You might initially think the 17 Republican governors choosing to accept a small number of refugees under the Trump administration’s new refugee resettlement guidelines are simply compassionate conservatives. But no, according to one Townhall columnist, they’re “RINO squishes all too happy to put foreigners over the citizens who elected them to office.”
Fox News host Tucker Carlson echoed this sentiment, warning, “The last thing many struggling communities need is more low skilled migrants who may be great people but need a lot.”
Carlson’s guest, American Majority’s Ned Ryun, took it one step farther, saying, “This is how red states become blue and how America ceases to be America.”

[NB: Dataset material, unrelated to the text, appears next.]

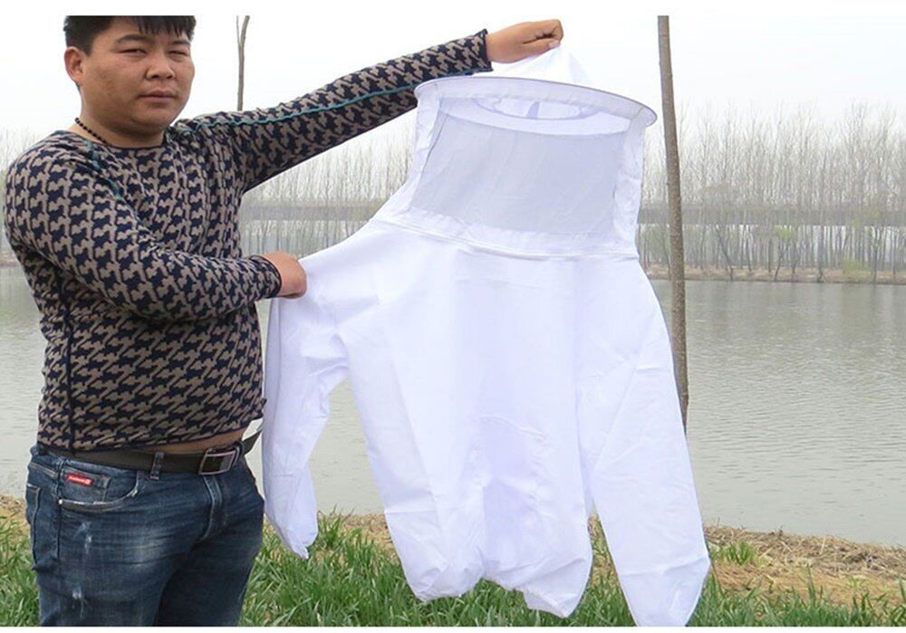 鉄壁 防護服 養蜂 害虫駆除 虫よけ フェイスネット 付き (ホワイト)

Yawn. It’s fair for Americans to have some concerns about refugee resettlement — no, it doesn’t make them automatically racists — but this level of hysteria is baseless. It amounts to little more than needless alarmism.
First, we’re not talking about a wave of millions of refugees pouring into the country en masse … not even close. The Trump administration has, sadly, limited the number of refugees the United States can accept to just under 20,000. So, between the 17 Republican governors, not to mention all of their Democratic counterparts, they’re simply agreeing to each take on what, less than 1,000 refugees at most?
This isn’t a very intimidating “invasion.” And allowing a few thousand refugees, who aren’t even granted the right to vote, to enter red states will hardly mean “America ceases to be America.”
It’s still fair for everyday Americans and conservative pundits to have earnest concerns about safety when we’re accepting refugees from war-torn countries, some of which are riddled with terrorism. But a sober analysis of the facts reveals that there’s no substantial security threat posed to the U.S. by refugee resettlement.
The Cato Institute’s Alex Nowrasteh has found that “the chance of an American being murdered in a terrorist attack by a refugee is about 1 in 3.86 billion per year.” As the Washington Examiner editorial board has noted, “All refugees admitted through our immigration system are subject to extensive vetting and for good reason. Refugees create almost no problems in the United States, even though the U.S. has for many years led the world in refugee admissions.”
As far as the economic argument against accepting refugees goes, it is to some extent true that refugees at first rely on government handouts more than other types of immigrants — we budget a lot of money for them actually. But does this mean they are a threat to struggling communities, as Carlson says?
No, not really. In the long run, refugees still have a net positive economic impact. A 2017 report from inside the Trump administration even found that “refugees brought in $63 billion more in government revenues over the past decade than they cost.”
The facts simply don’t support the idea that a few thousand refugees pose an economic threat to low-income communities. Nowrasteh told me in an interview, “Refugees make an economically positive contribution to the United States and the local communities where they settle – which is especially true in cities and towns in the midst of a population decline.”
So no, Republican governors such as Massachusetts’s Charlie Baker and Arizona’s Doug Ducey aren’t “[putting] foreigners over the citizens who elected them” by accepting refugees. They’re simply doing the right thing to help people fleeing tyrants and terrorists abroad.